Sejak saat itu boleh dibilang kegiatan panjat dinding mulai populer. Sejumlah perguruan tinggi macam Universitas Parahyangan, Trisakti, Institut Sains dan Teknologi Nasional, sampai Ul mengadakan lomba. Bahkan sampai ke tinggal SMA, ketika itu yang pertama-tama jadi pioner di antaranya adalah SMA 6 dan SMA 70 Jakarta.
Demikian pula dalam soal peralatan. Mula-mula mendapatkan point (pegangan) buat dinding panjat memang sulit. Sekitar akhir 1980-an, Ogun dan Bongkeng dari Wanadri mengusahakan point buatan sendiri. Setelah melalui tes kelayakan di LIPI (sekarang BRIN), point tersebut ternyata layak digunakan untuk dinding panjat. Harganya pun jauh lebih murah dibanding yang impor.

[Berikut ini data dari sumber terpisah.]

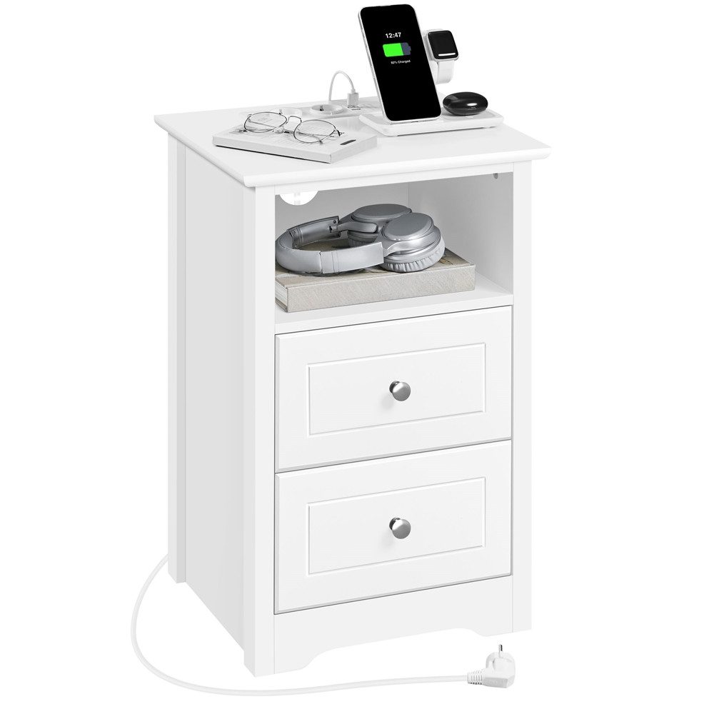 Entscheiden Sie sich für schlichte Funktionalität! Dieser Beistelltisch mit integrierter Ladestation ist eine durchdachte Lösung für Ihr Zuhause. Er verfügt über zwei Steckdosen, zwei USB-Anschlüsse und ein 2 m langes Netzkabel – ideal zum Aufladen von Handy, Leselampe oder Tablet. Das offene Fach und die zwei Schubladen bieten Platz für Brille, Fernbedienung, Bücher, Handcreme oder Kabel. Auf der Tischplatte finden Lampe, Vase oder Fotorahmen ihren Platz. So bleibt alles ordentlich und stets griffbereit.

Seiring dengan itu, rancang bangun dinding panjat pun mulai berkembang. Salah satu yang menarik ketika itu adalah yang dimiliki Klab Trupala SMA 6 Jakarta. Dinding panjat setinggi 8,5 meter itu memiliki overhang yang besar di ujungnya. Selain itu, dinding ini pun bersistem bongkar pasang.

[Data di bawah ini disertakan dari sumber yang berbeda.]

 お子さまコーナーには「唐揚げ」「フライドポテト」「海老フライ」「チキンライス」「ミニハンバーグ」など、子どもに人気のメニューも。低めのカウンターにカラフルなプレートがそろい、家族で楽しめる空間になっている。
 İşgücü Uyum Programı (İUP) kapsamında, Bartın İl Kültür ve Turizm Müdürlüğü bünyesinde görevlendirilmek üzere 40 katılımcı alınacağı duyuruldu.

Populernya olahraga memanjat ini jelas karena kemudahan yang diberikannya. Sejak adanya dinding panjat, orang tak perlu harus jauh-jauh pergi ke tebing. Yang jelas memakan waktu dan risiko ekstra lebih. Lagi pula, bagi anak sekolah yang masih remaja, jelas ada kebanggaan lebih. Bayangkan, bisa memanjat setinggi itu disaksikan oleh kawan-kawannya. Suatu hal yang tak didapatnya seandainya ia pergi ke tebing.

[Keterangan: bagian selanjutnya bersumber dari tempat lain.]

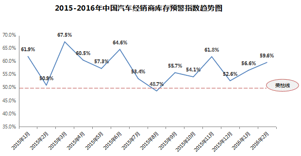 中国汽车流通协会发布的“中国汽车经销商库存预警指数调查”VIA(Vehicle Inventory Alert Index)显示,2016年2月库存预警指数为59.6%,比上月上升了3.0个百分点。库存预警指数处于警戒线以上。

Ada unsur pamer, ada ganjaran pengakuan. Biar saja. Dan jangan lupa, kegiatan ini pun ada kejuaraan dunianya, bahkan sekarang sudah dilombakan di Olimpiade sejak 2018. Dan Indonesia termasuk negara yang diperhitungkan dalam olahraga yang masuk kategori ekstrem ini.